» **Directions for this task**:
Using the listing below, set down exactly the lines from the one that contains "British political parties" through the one that contains "Quoteslyfe.com, 2025. Sat.", with no pictures.

» **The data**:
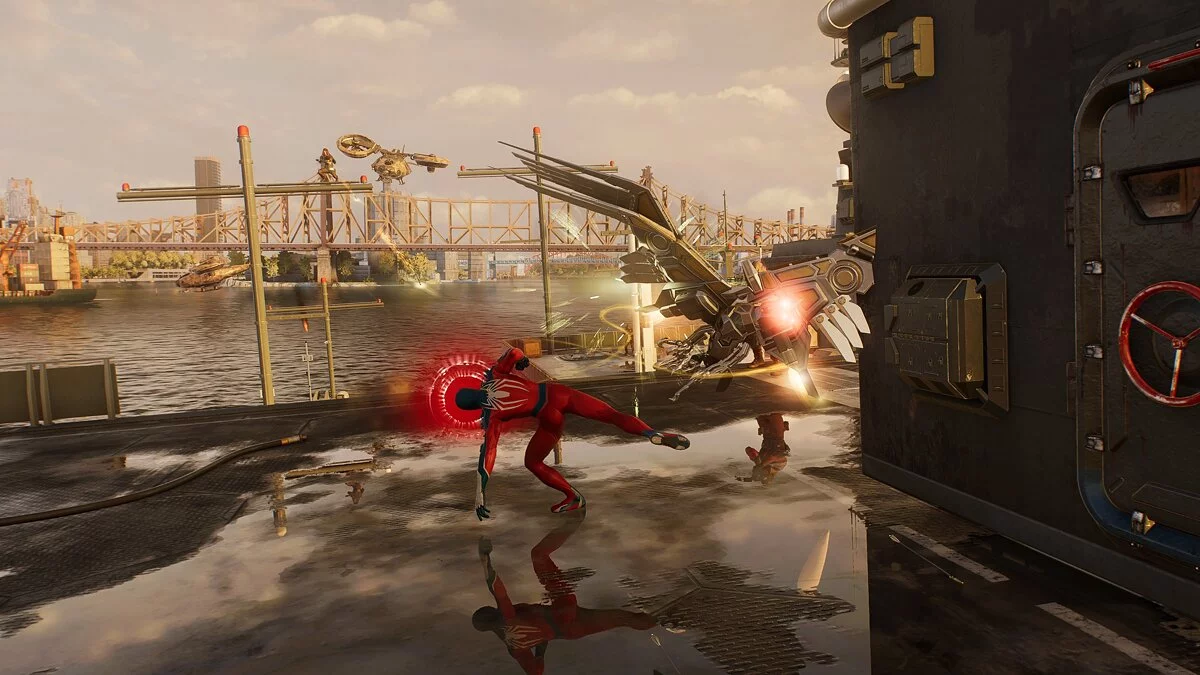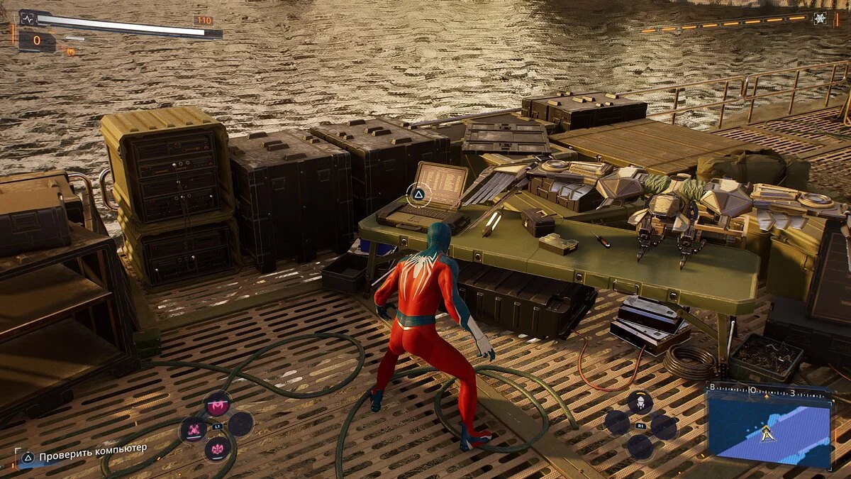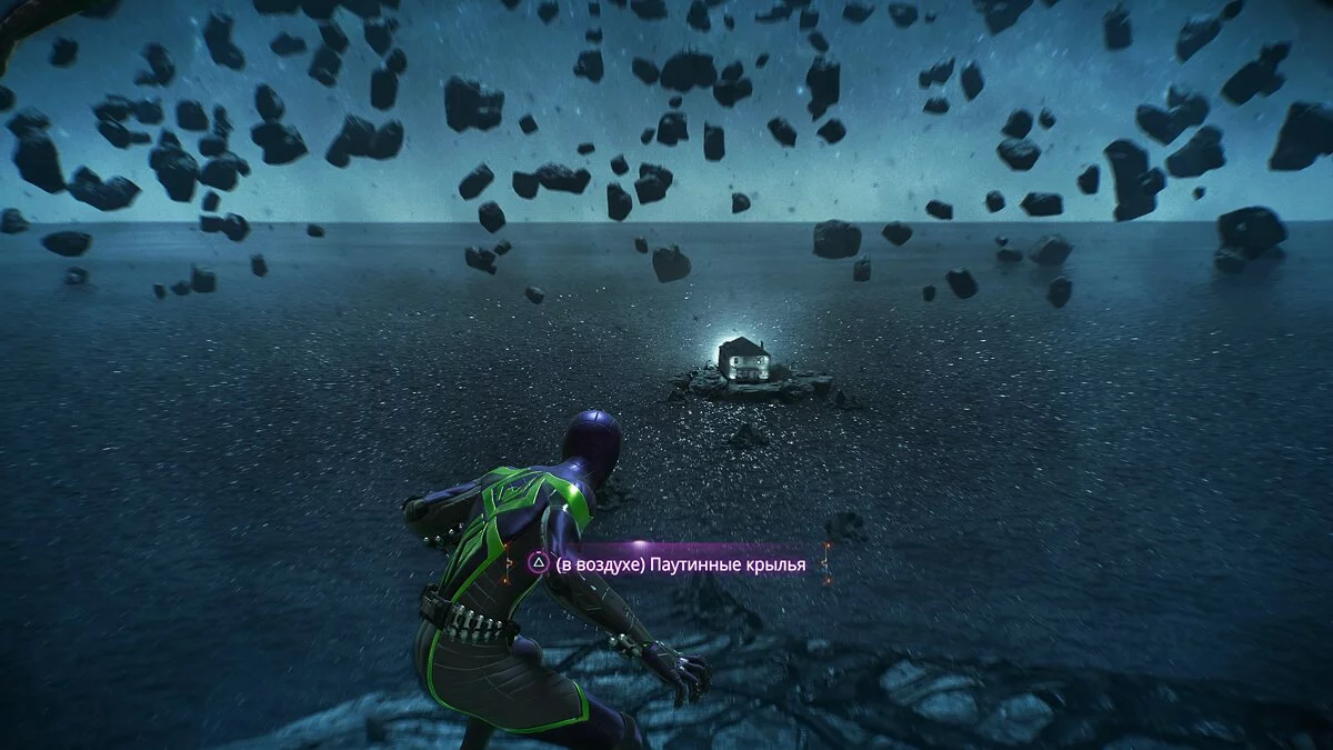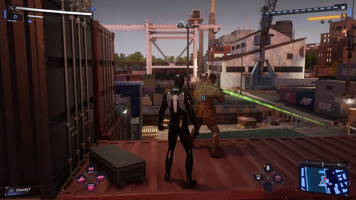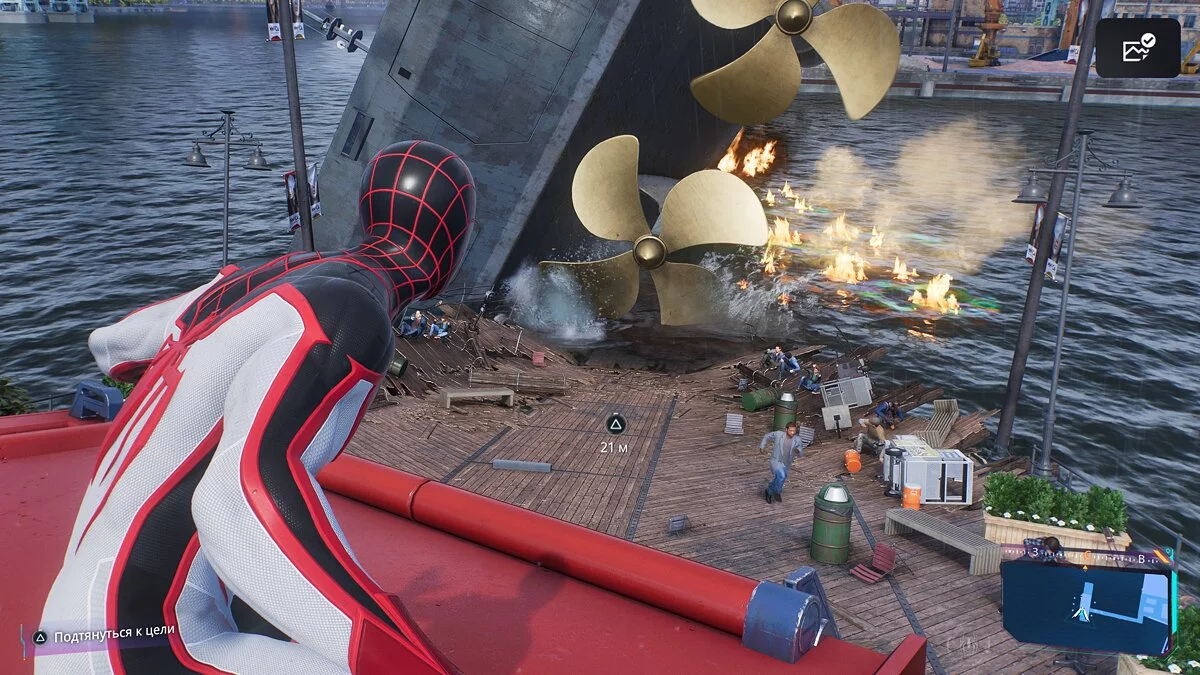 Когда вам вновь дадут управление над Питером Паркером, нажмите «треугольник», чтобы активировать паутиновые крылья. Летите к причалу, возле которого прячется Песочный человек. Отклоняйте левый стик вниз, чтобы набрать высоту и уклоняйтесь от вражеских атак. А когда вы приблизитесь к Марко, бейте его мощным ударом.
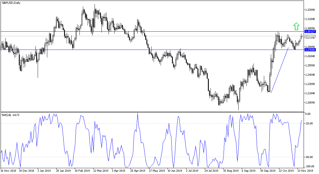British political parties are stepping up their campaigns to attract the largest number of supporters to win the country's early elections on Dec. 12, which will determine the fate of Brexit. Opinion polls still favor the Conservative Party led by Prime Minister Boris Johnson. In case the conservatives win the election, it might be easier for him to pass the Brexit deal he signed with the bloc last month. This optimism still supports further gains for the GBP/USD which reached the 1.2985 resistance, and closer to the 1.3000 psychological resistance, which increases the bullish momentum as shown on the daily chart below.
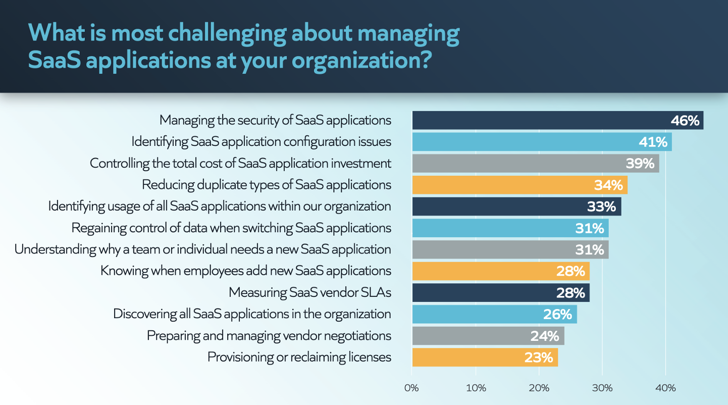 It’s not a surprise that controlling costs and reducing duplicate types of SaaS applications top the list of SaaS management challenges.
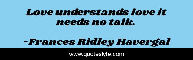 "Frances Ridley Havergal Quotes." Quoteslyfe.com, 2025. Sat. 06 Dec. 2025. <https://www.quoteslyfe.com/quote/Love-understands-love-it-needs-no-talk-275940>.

* * *

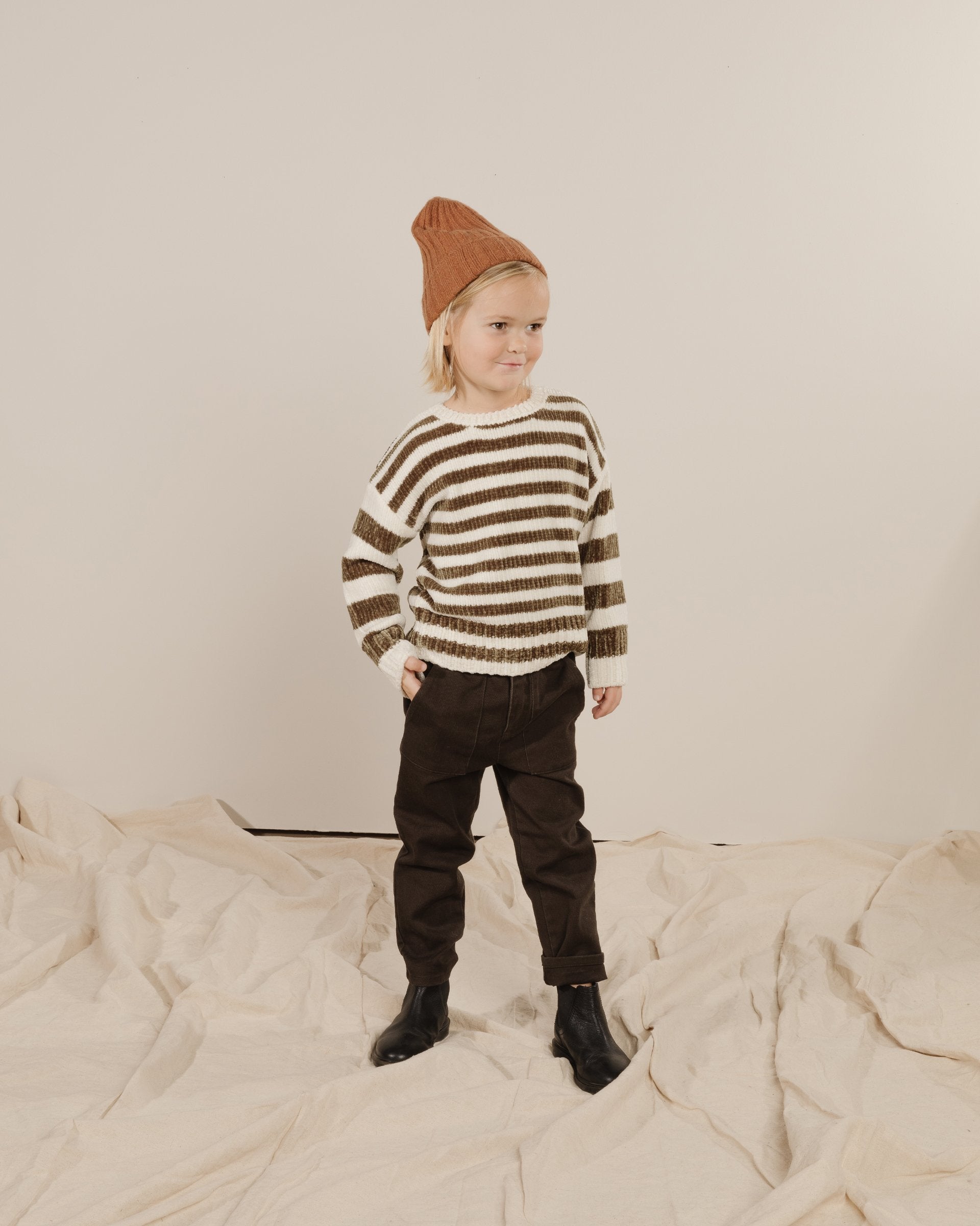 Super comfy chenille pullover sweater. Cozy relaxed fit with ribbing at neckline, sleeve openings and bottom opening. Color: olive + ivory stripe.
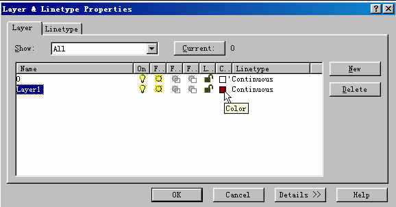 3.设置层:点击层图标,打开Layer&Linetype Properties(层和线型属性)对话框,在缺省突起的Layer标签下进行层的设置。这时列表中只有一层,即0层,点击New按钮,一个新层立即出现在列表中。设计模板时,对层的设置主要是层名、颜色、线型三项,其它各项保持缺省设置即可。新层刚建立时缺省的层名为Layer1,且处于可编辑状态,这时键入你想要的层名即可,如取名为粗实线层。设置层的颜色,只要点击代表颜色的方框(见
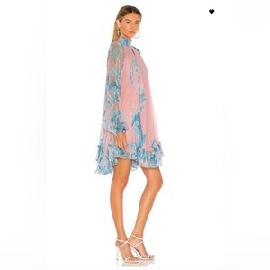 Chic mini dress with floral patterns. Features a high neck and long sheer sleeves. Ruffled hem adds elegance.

» **Reply**:
British political parties are stepping up their campaigns to attract the largest number of supporters to win the country's early elections on Dec. 12, which will determine the fate of Brexit. Opinion polls still favor the Conservative Party led by Prime Minister Boris Johnson. In case the conservatives win the election, it might be easier for him to pass the Brexit deal he signed with the bloc last month. This optimism still supports further gains for the GBP/USD which reached the 1.2985 resistance, and closer to the 1.3000 psychological resistance, which increases the bullish momentum as shown on the daily chart below.
 It’s not a surprise that controlling costs and reducing duplicate types of SaaS applications top the list of SaaS management challenges.
 "Frances Ridley Havergal Quotes." Quoteslyfe.com, 2025. Sat. 06 Dec. 2025. <https://www.quoteslyfe.com/quote/Love-understands-love-it-needs-no-talk-275940>.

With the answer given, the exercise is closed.